(Collection entries)
§
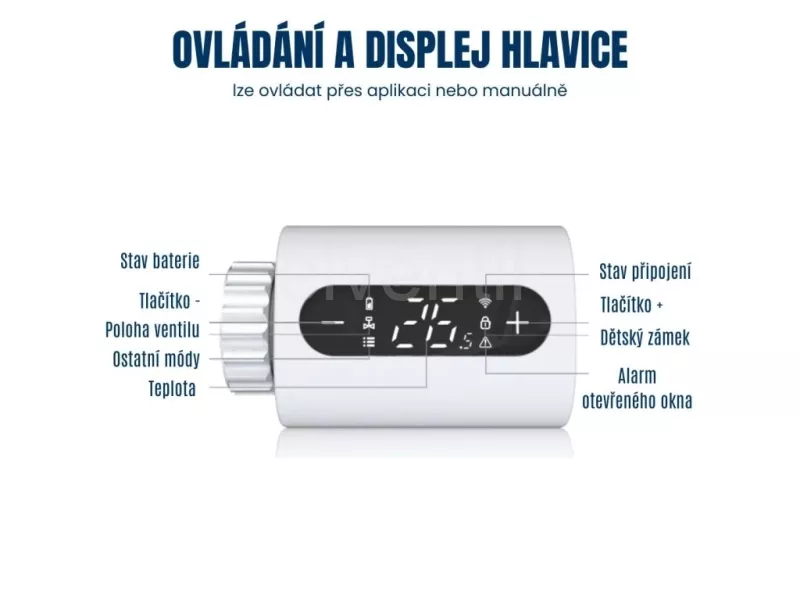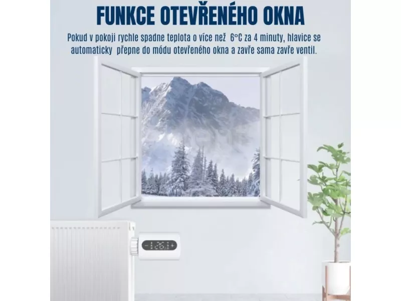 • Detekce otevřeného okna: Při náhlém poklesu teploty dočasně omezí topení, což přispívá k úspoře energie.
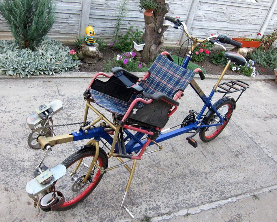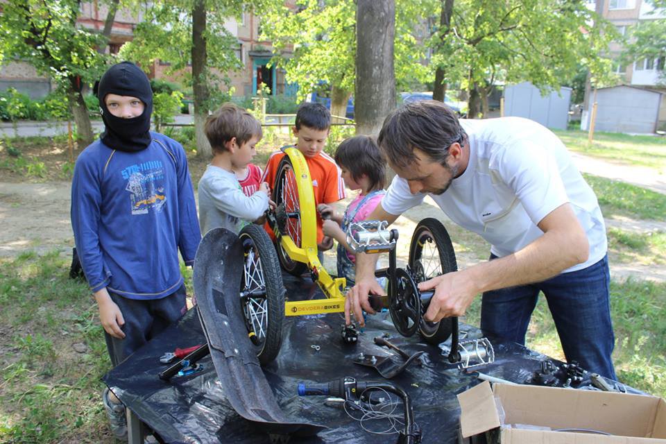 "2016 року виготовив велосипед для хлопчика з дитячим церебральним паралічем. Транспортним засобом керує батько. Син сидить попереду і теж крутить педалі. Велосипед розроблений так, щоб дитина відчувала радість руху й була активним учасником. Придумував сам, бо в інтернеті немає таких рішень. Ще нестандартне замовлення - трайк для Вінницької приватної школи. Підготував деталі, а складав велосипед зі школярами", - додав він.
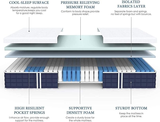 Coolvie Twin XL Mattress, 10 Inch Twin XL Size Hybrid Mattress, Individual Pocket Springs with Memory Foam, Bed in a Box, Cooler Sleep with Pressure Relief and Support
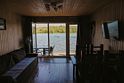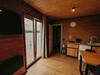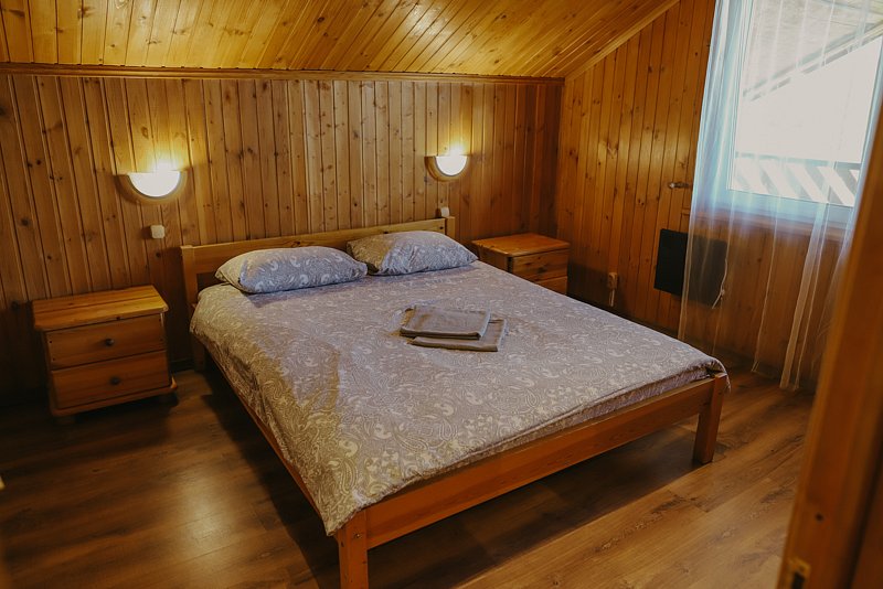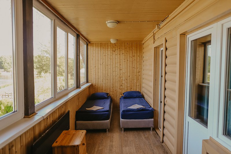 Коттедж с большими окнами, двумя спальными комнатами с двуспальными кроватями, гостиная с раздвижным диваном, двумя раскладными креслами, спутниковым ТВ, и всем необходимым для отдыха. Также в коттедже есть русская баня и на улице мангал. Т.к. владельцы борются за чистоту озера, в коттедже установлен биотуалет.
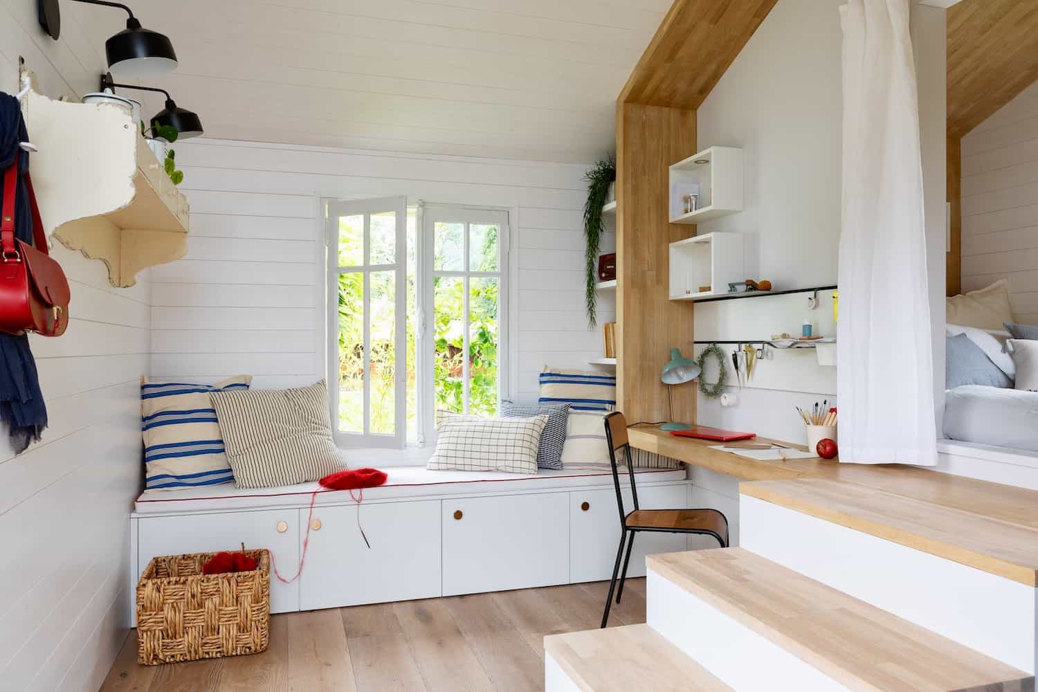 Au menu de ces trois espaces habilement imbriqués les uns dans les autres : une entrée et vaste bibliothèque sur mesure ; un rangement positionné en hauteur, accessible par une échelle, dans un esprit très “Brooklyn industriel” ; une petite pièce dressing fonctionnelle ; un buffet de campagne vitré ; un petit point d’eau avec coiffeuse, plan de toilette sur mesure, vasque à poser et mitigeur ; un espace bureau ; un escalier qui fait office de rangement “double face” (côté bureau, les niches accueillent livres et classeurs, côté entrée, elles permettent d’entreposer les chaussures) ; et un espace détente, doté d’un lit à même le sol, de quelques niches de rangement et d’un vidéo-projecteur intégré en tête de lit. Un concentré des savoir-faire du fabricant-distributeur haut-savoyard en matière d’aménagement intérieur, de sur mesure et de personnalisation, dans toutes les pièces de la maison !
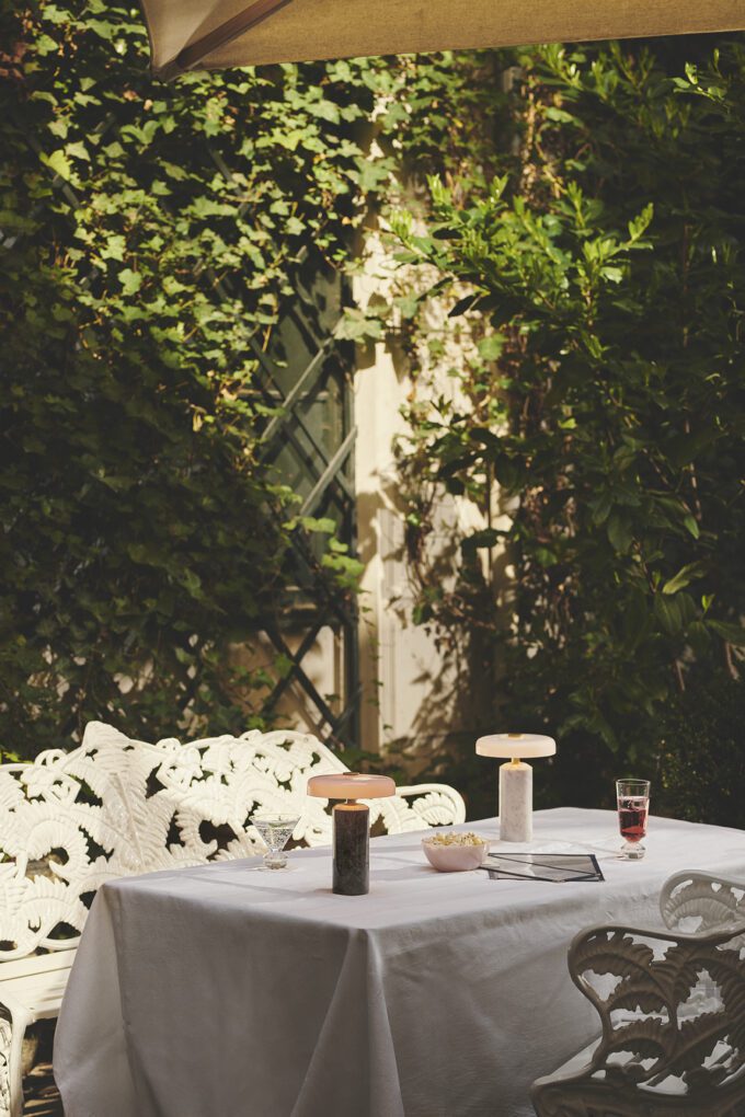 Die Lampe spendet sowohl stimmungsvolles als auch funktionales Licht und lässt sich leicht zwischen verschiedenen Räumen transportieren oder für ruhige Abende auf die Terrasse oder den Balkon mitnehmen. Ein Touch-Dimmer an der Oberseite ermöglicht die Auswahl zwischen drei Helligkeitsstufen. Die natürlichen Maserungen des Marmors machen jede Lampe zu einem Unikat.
§
WHAT YOU SHOULD DO
If a record holds a picture, drop the picture and return the rest of it exactly.

FINAL ANSWER
 • Detekce otevřeného okna: Při náhlém poklesu teploty dočasně omezí topení, což přispívá k úspoře energie.
 "2016 року виготовив велосипед для хлопчика з дитячим церебральним паралічем. Транспортним засобом керує батько. Син сидить попереду і теж крутить педалі. Велосипед розроблений так, щоб дитина відчувала радість руху й була активним учасником. Придумував сам, бо в інтернеті немає таких рішень. Ще нестандартне замовлення - трайк для Вінницької приватної школи. Підготував деталі, а складав велосипед зі школярами", - додав він.
 Coolvie Twin XL Mattress, 10 Inch Twin XL Size Hybrid Mattress, Individual Pocket Springs with Memory Foam, Bed in a Box, Cooler Sleep with Pressure Relief and Support
 Коттедж с большими окнами, двумя спальными комнатами с двуспальными кроватями, гостиная с раздвижным диваном, двумя раскладными креслами, спутниковым ТВ, и всем необходимым для отдыха. Также в коттедже есть русская баня и на улице мангал. Т.к. владельцы борются за чистоту озера, в коттедже установлен биотуалет.
 Au menu de ces trois espaces habilement imbriqués les uns dans les autres : une entrée et vaste bibliothèque sur mesure ; un rangement positionné en hauteur, accessible par une échelle, dans un esprit très “Brooklyn industriel” ; une petite pièce dressing fonctionnelle ; un buffet de campagne vitré ; un petit point d’eau avec coiffeuse, plan de toilette sur mesure, vasque à poser et mitigeur ; un espace bureau ; un escalier qui fait office de rangement “double face” (côté bureau, les niches accueillent livres et classeurs, côté entrée, elles permettent d’entreposer les chaussures) ; et un espace détente, doté d’un lit à même le sol, de quelques niches de rangement et d’un vidéo-projecteur intégré en tête de lit. Un concentré des savoir-faire du fabricant-distributeur haut-savoyard en matière d’aménagement intérieur, de sur mesure et de personnalisation, dans toutes les pièces de la maison !
 Die Lampe spendet sowohl stimmungsvolles als auch funktionales Licht und lässt sich leicht zwischen verschiedenen Räumen transportieren oder für ruhige Abende auf die Terrasse oder den Balkon mitnehmen. Ein Touch-Dimmer an der Oberseite ermöglicht die Auswahl zwischen drei Helligkeitsstufen. Die natürlichen Maserungen des Marmors machen jede Lampe zu einem Unikat.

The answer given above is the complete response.